L’observation s’actualise à travers différents degrés d’implication de la part du chercheur. Dans le cadre de la présente étude, nous avions un rôle « d’observateur qui

participe » (Noël, 2011 p.284). Ainsi, nous avons posé occasionnellement des questions ou émis des commentaires pour confirmer ou infirmer notre compréhension de la situation. Nous étions soucieuse que notre présence ne soit pas menaçante et avons pris soin de rappeler notre posture de chercheuse et les exigences de confidentialité qui sont inhérentes à l’éthique en recherche. En tant qu’observatrice qui participe, nous avons assisté à 14 rencontres de comité de gestion de deux entreprises (sept rencontres dans chacune des entreprises)33 totalisant 76 heures d’observation. La grille d’observation utilisée lors des comités de gestion est disponible à l’annexe C.

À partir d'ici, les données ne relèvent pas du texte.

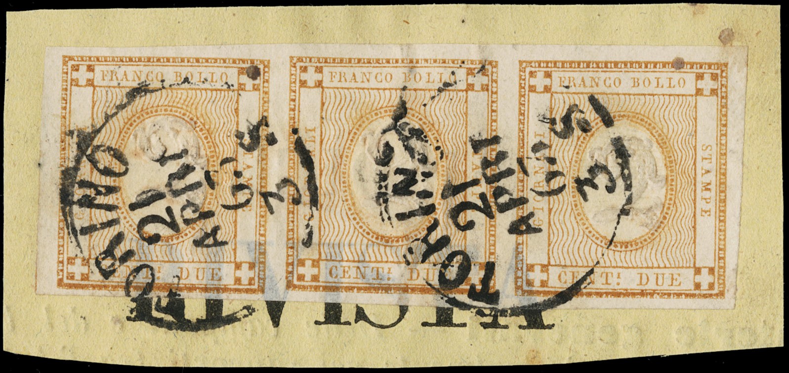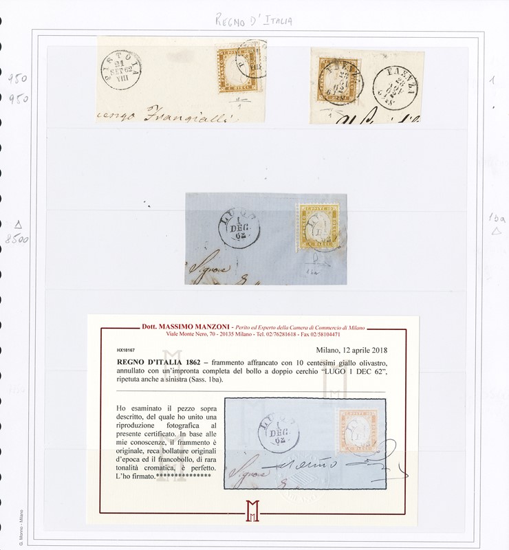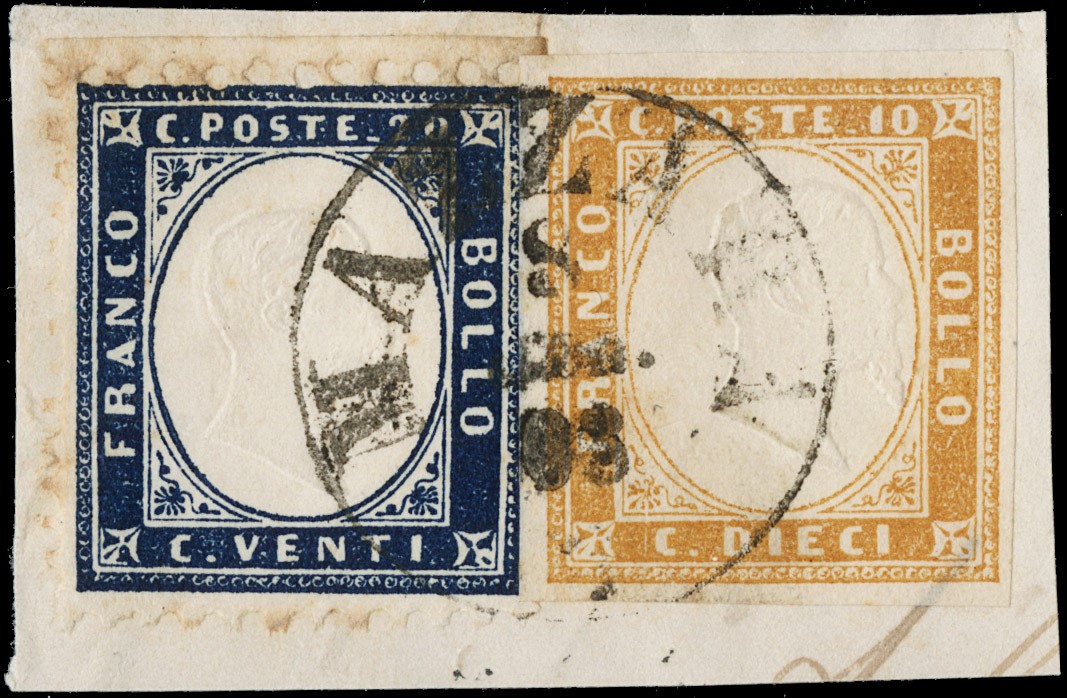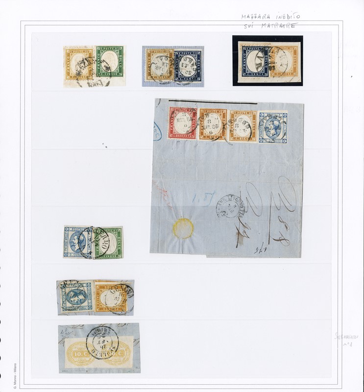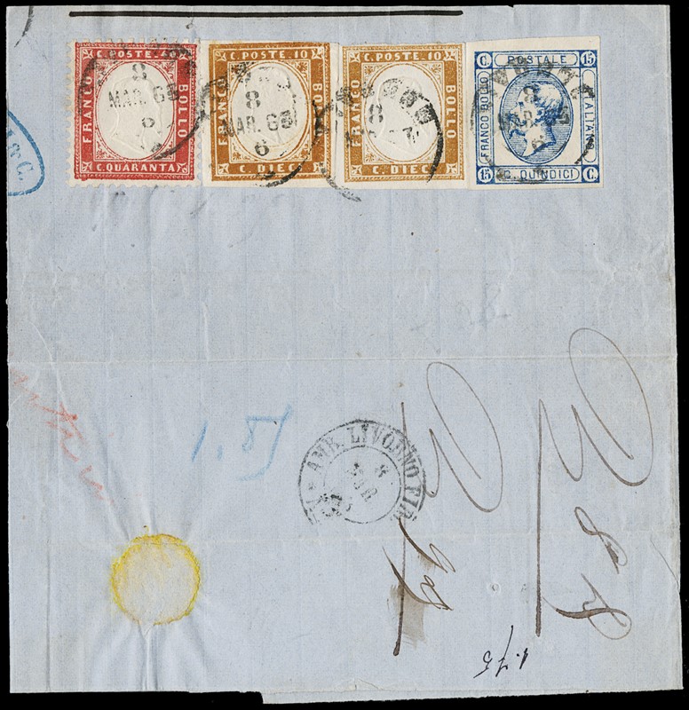 1862/63 - REGNO D'ITALIA: insieme di francobolli su frammento e su lettera. Notate alcune affrancature miste fra le quali un frammento con un 20c dentellato e un 10c di Sardegna IV con annullo di Mazzara, a oggi non quotato sui francobolli d'Italia, e un

Cette familiarisation avec les organisations semble avoir eu pour effet de diminuer le temps consacré aux explications techniques lors du premier bloc d’entrevues. Plus de temps a ainsi pu être consacré à l’approfondissement et à la clarification de certains aspects dès les premières entrevues. De plus, le lien étant déjà établi avec les gestionnaires-participants, ceux-ci ont semblé à l’aise. Dès le premier bloc d’entrevues, les gestionnaires ont révélé leurs perceptions de manière très ouverte avec des confidences inattendues. Ce constat rejoint ce que Paillé et Mucchielli, (2016, p.381) nomment l’« impératif d’intelligibilité », c’est-à-dire le partage de références communes préalable à la compréhension. Ces deux auteurs parlent même d’une « intimité » avec les données empiriques nécessaires à la mise en relation des perspectives (p.381). De même, Murphy et al., (2017) affirment que la MTE favorise la proximité spatiotemporelle et conceptuelle entre le chercheur et le contexte étudié. Charmaz (2014) rappelle néanmoins qu’en recherche en contexte réel, la ligne est mince entre l’engagement et la distance appropriée. D’ailleurs, il est important de nuancer que le lien avec les participants ne vise pas l’appropriation de la compréhension du participant par le chercheur, mais bien son interprétation (Charmaz, 2014).

Les conversations spontanées34 avec les membres des comités et des groupes de travail ou avec des employés ont aussi entretenu notre réflexion et notre souci de valider ou d’infirmer certaines pistes ou de nuancer certains résultats. Ces données ont notamment alimenté la rédaction de mémos et nous ont aidée à cerner les pistes à documenter tant sur le plan empirique que conceptuel. L’analyse documentaire des supports visuels présentés lors de comités de gestion observés, ainsi que d’autres écrits auxquels ont fait référence les gestionnaires observés et interrogés ont complété la collecte de données.